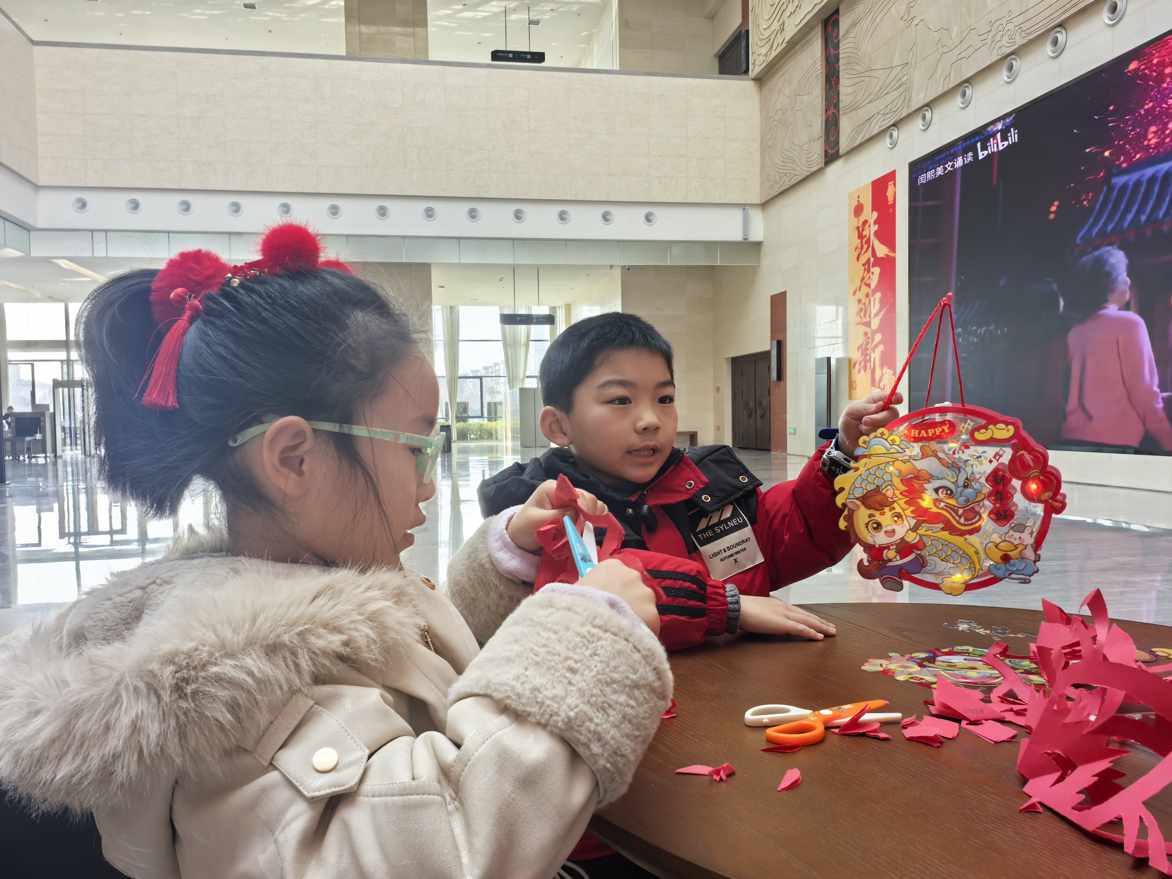 而在手作花灯和裁红剪纸区,则是另一番温馨景象。孩子们在家长的指导下,小心翼翼地折叠纸张、粘贴装饰,一盏盏寓意吉祥的花灯初具雏形。剪刀翻飞间,一张张普通的红纸在巧手裁制下,变成了好看的窗花。
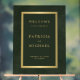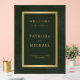 Moderne klassische dunkle Smaragdgrün und Imitate goldene trendige minimale Typografie maßgeschneiderte Acryl opaken Hochzeitsschild Vorlage. Geeignet für eine formelle elegante Hochzeit.
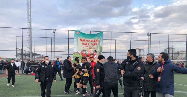Kayseri Süper Amatör Küme’de şampiyonluk mücadelesi veren iki ekibin maçında bitiş düdüğüyle saha karıştı. Müsabaka karşılıklı atılan goller ile 2-2 sona erdi. Maçın bitiş düdüğü sonrasında Kayserigücü takımı teknik heyet ve oyuncuları, hakeme yoğun itirazlarda bulundu. Bu arada Kayserigücü takımından Eren Torbalı, kendisine hakaret ettiğini söylediği kişiye tepki gösterirken futbol sahası karıştı. Emniyet güçleri araya girerek olayları yatıştırmaya çalıştı.
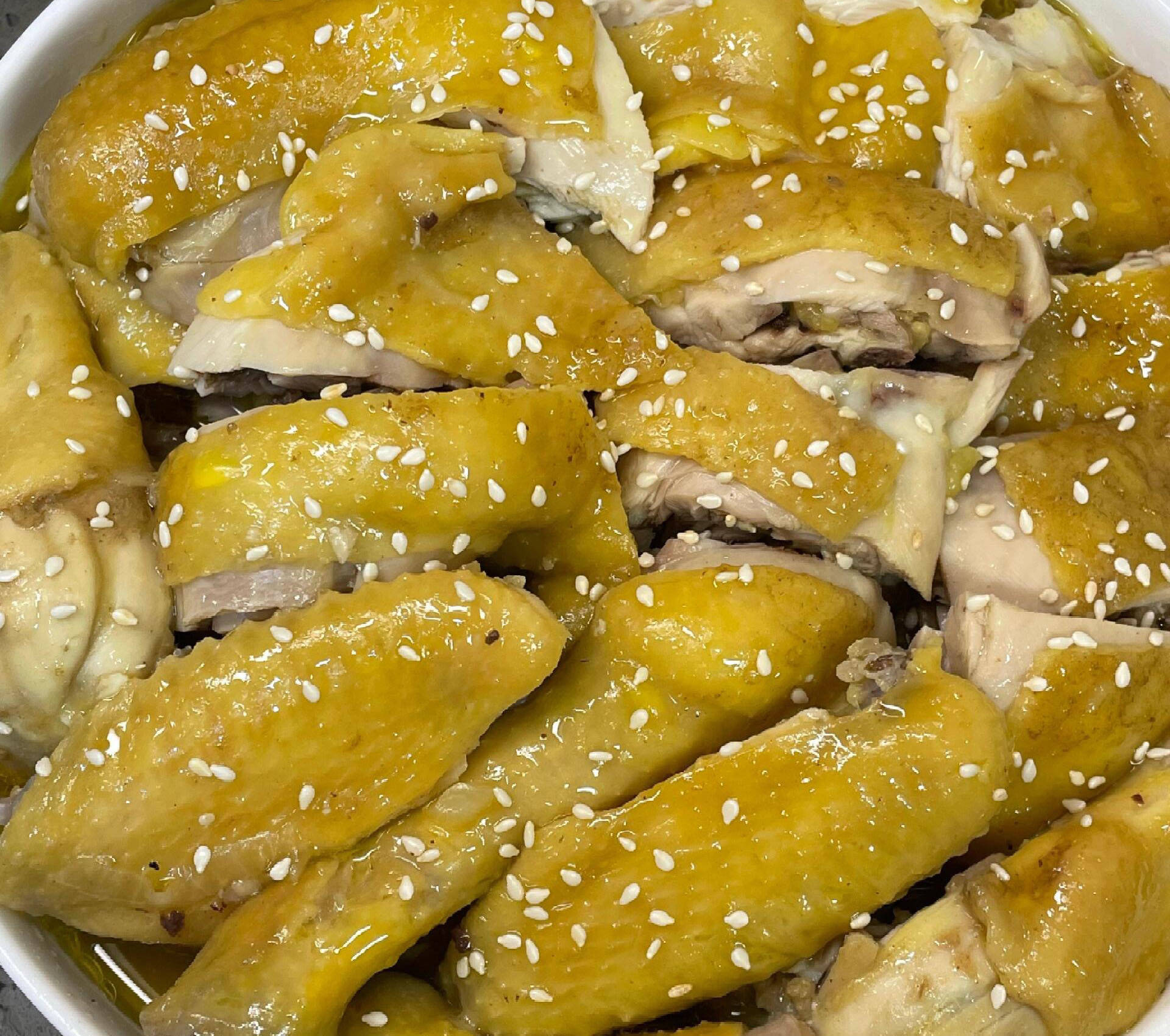 4、取出放凉后斩件摆盘,并淋上蒸鸡过程中收集到的自然鸡汤汁,最后撒上炒香的白芝麻作为点缀即可食用。
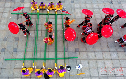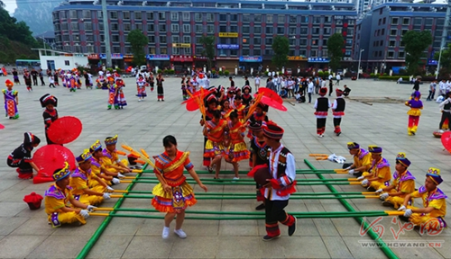 Bamboo dancing is a popular dance that involves hopping over and between bamboo poles as they are manipulated by two to four people. [Photo by Gao Dongfeng/hcwang.cn] |
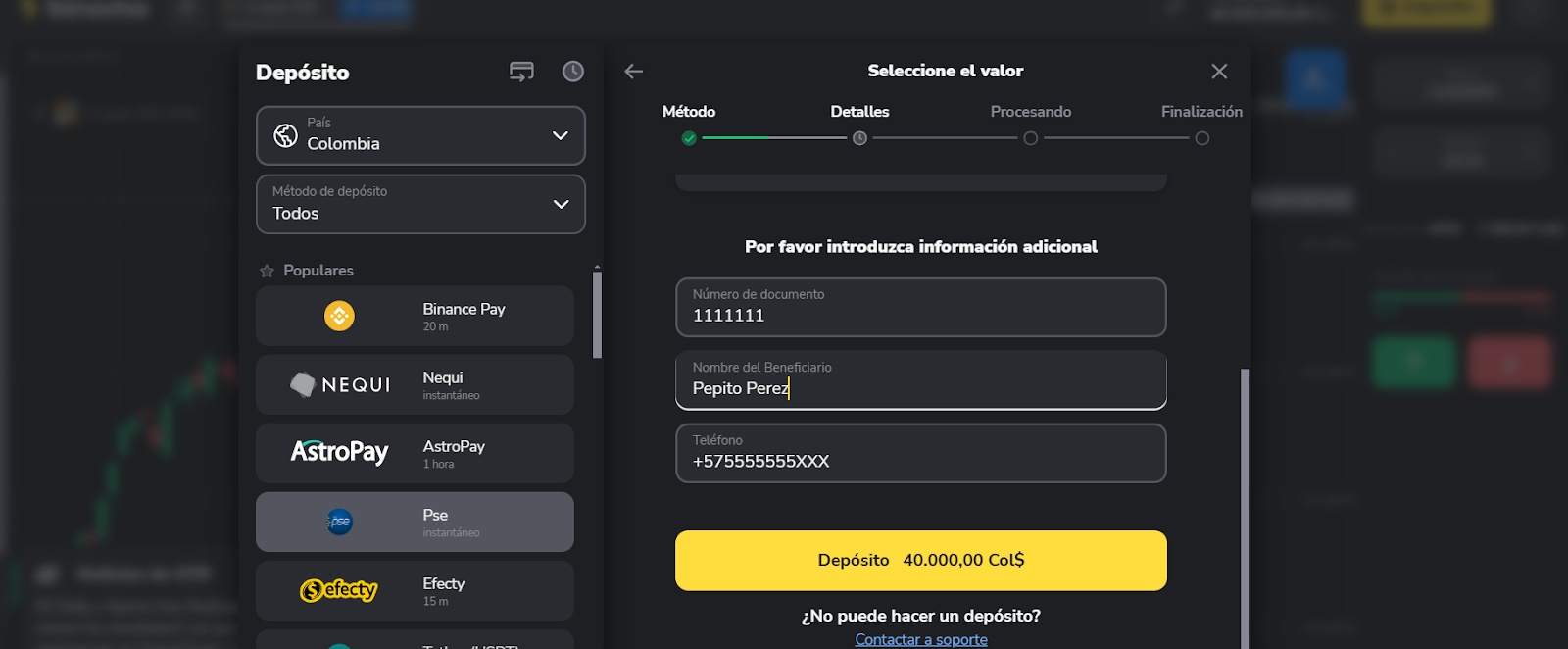 Paso 4: Complete los siguientes campos: número de documento, nombre del beneficiario y número de teléfono. Luego, haga clic en “Depósito”.
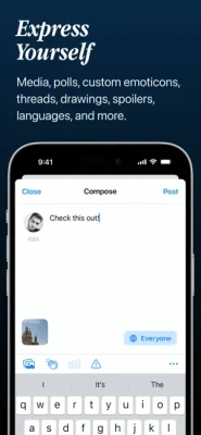 ⁃ Powerful post composer with the ability to add images, videos, GIFs, polls, custom emoticons, drawings, and more
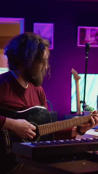 Vertical Video Musician plays acoustic guitar and records melody to compose new song and tunes. Computer screen showing DAW software interface with soundtracks, sound engineer in music production. Camera B. Pro Video
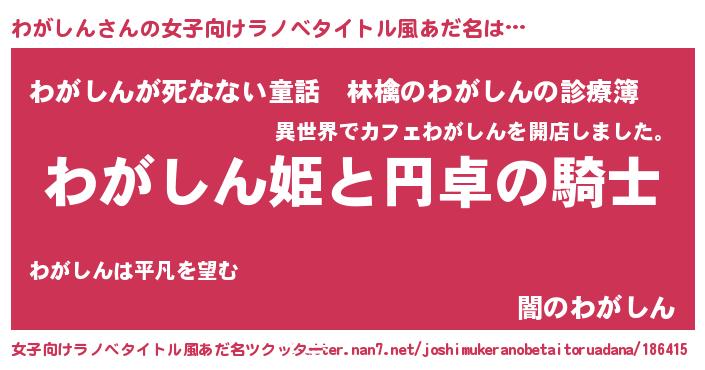 | ファンタジー風あだ名 | 『ワガフェル』『ヴァルワガーナ』 |
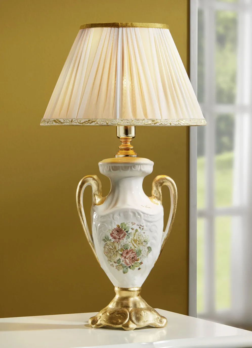 Sichern Sie sich einen royalen Blickfang für Ihr Wohnzimmer: diese exquisite, italienische Tischleuchte wird Sie begeistern! Mit von Hand aufgetragenem Blattgold und handgemaltem Blumendekor am edel verzierten Lampenfuß aus Keramik! Das faszinierende Erscheinungsbild wird komplettiert durch den textilen Lampenschirm (100% Baumwolle) mit tollen Goldrändern. Fassung: 1x E14, max. 60 Watt, 230 Volt. Die Lieferung erfolgt ohne Leuchtmittel. Maße: Höhe 50 cm, Lampenschirm ø 25 cm
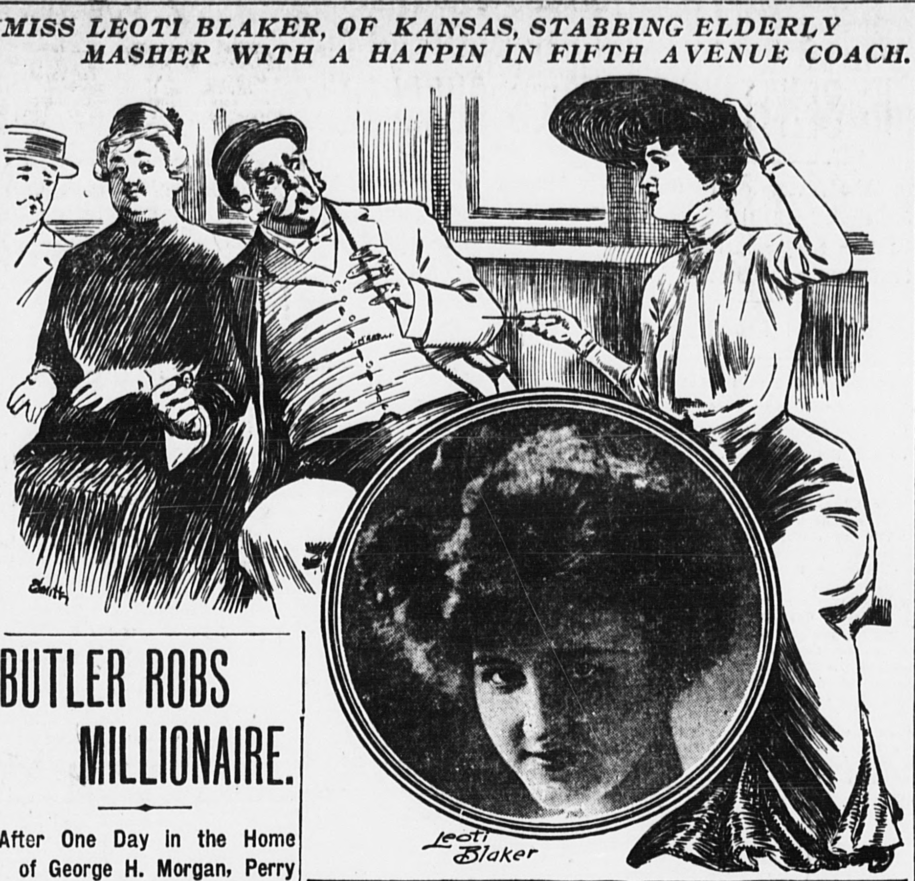 Leoti Blaker kalaptűvel tart sakkban egy zaklatót (forrás: Wikipedia)
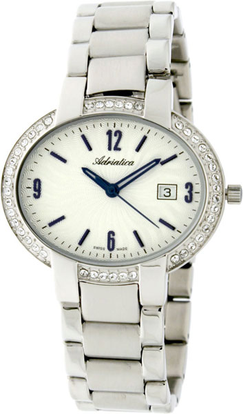 Овальный корпус размером 38 х 31 мм и браслет выполнены из нержавеющей стали 316L. Часы кварцевые. Стекло минеральное. Вокруг стекла расположены синтетические камни. Циферблат серебряного цвета. Водозащита 50 метров. Функции: часы, минуты, секунды,дата.
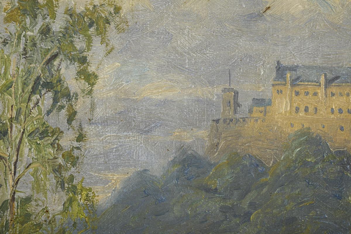 Blick von einem Weg zur mittelalterlichen Burg bei Eisenach unter aufziehenden, dunklen Wolken. Minimale Altersspuren.

> [Work required]:
Transcribe, word for word, the lines of the listing above from the one that contains "Leoti Blaker kalaptűvel" through the one that contains "Овальный корпус размером", keeping both ends and dropping the pictures.

> [Response]:
 Leoti Blaker kalaptűvel tart sakkban egy zaklatót (forrás: Wikipedia)
 Овальный корпус размером 38 х 31 мм и браслет выполнены из нержавеющей стали 316L. Часы кварцевые. Стекло минеральное. Вокруг стекла расположены синтетические камни. Циферблат серебряного цвета. Водозащита 50 метров. Функции: часы, минуты, секунды,дата.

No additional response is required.